There are also other differences on entirely different dimensions than the lethal/non-lethal dimension. For example, it is tolerably predictable what acts will put an American into confrontation with state sanctioned force. In Stalinist Russia, not so much. Terror regimes make the randomness of the violence a tactic of repression and control. States with functioning legal orders may not eschew violence, and they don’t always operate by rules I’d call just, but they do tend to at least operate based on some system of more or less transparent rules that at least put the citizens on notice of where the lines are. They prefer coerced compliance to violence.
I’m still very comfortable saying “taxes are collected by men with guns” though, even in America. Not because it is literally true in every case that they are collected at gunpoint, but because ultimately, they are paid in large part because of the reality of men with guns willing to deprive us of our liberty if possible, and our lives if necessary, to compel payment.

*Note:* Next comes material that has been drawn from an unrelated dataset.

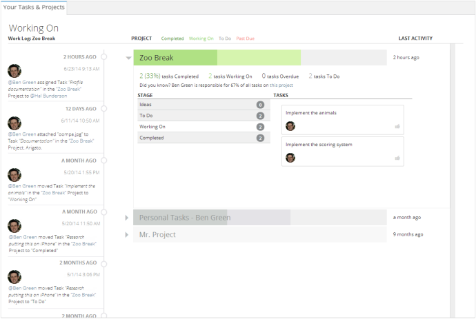 icon. This pane also includes a live “work log” containing updates for all of this user’s projects. For example, when a task is created in a project, a notification appears in the work log.
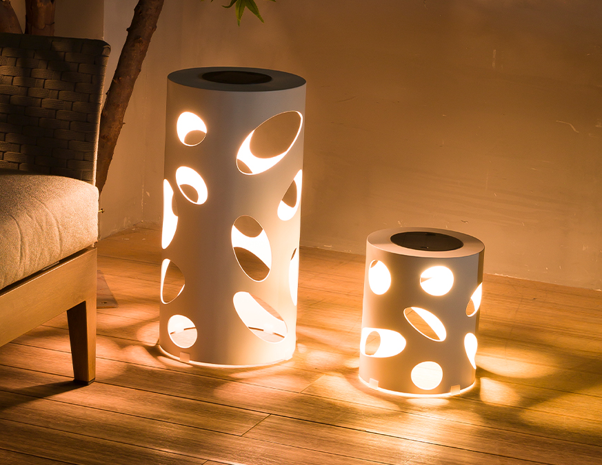 Además, cada pieza es solar y recargable, ofreciendo independencia energética, eficiencia y facilidad de uso sin necesidad de cableado. Esto permite colocarlas con total libertad en terrazas, jardines, rooftops o áreas lounge, aportando iluminación ambiental y diseño contemporáneo.

Can you give me a for instance of a time when men use guns for law enforcement, rather than as a preventative measure to avoid injury? Other than “do not attack people”, there’s essentially no law that is enforced through the use of firearms. I guess Utah’s three murderers with firing squad deaths in my lifetimes, maybe four in yours.
Again, if you could provide an example of someone being deprived of their life in order to compel their payment of taxes, I would appreciate it. The phrase is intended to evoke a police state and you appear to recognize that such an evocation is inappropriate. I feel wholly confident that were the police to be largely disarmed the level of taxpayer compliance would not substantially drop.
Whenever someone resists arrest and is shot for it.
I’m no libertarian, but you’re being far too literal here. Just because most people who are arrested go quietly doesn’t mean the threat of being shot isn’t there.
It literally happens every day James. I’ll give you a couple headliners — Ferguson, Waco — but this is a weird question. It’s routine enough that most of the instances get little or no coverage so I certainly can’t name every instance. But you know perfectly well guns are used in law enforcement.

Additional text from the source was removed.